Если бы люди сходили с ума одновременно, то могли бы вполне ужиться вместе довольно хорошо. Глеб Середа давно понял, что на войне все участники кровавой бойни немного сумасшедшие, но убедился в этом только в госпитале, куда попал после эпического сражения под Курском. Он не погиб, как подумали его компаньоны по поиску сокровищ, а был ранен в правую ногу и в предплечье.
- Старики говорили раньше, - почему-то вспомнил киевлянин в тот момент, - когда ранен и ещё чувствуешь, что, жив, надо всех поминать: родных, близких, прощаться с ними надо.
Середа чувствовал, что ранен, а как серьёзно, не знал. Нога и рука не шевелились и обильно кровоточили. Боли почти не чувствовал.
- Значит умираю… - заторможено понял он.
Начал прощаться с мамой, она у него была самая близкая:
- Родная, прости! - потом чувствует, что сознание теряет и сильно встревожился. - Остальные же ещё есть…
Начал лихорадочно перечислять:
- Брат Женя прости!
С девушкой Олей он прощался долго и детально просил у неё прощения за обманутые девичьи ожидания. Потерял сознание с облегчением, наконец, всё закончилось. Проходит какое-то время, Глеб не знал сколько именно, но начинает проявляться сумрачное сознание.
- Я жив, - внезапно очнулся он, - но где нахожусь?.. На этом свете или на том?!

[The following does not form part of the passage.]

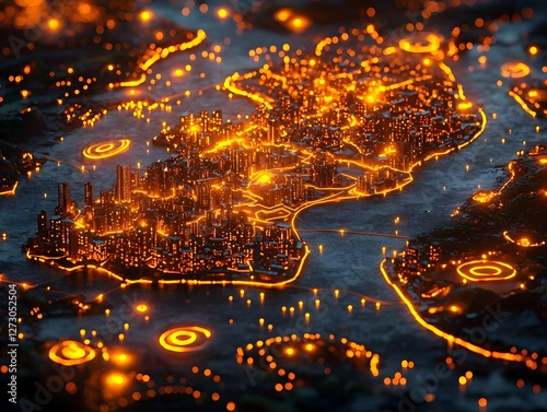 Glowing Holographic Map of a Smart Grid Powered City with Real Time Energy Efficiency Zones

Вдруг рядом прогремел оглушающий разрыв, значит на этом свете, ведь на том нет войны. Пришёл немного в себя, пополз. Видит трое молоденьких солдатиков, лет по 18 сидят на пригорке. Середа слёзно попросил:
- Ребята, я ранен, но не знаю, как и где, посмотрите…
- О, слава Богу на месте ранений по две дырочки, - уверенно сказал один, - пули вошли и вышли.
Второй равнодушно добавил:
- Давай дань, за то, что мы тебя осмотрели.
Сопротивляться он не мог, они отобрали мешок и хотели взять автомат. Автомат Глеб им не отдал, потому что, если раненый пришёл без оружия – могли в госпитале не перевязать и наказать штрафбатом.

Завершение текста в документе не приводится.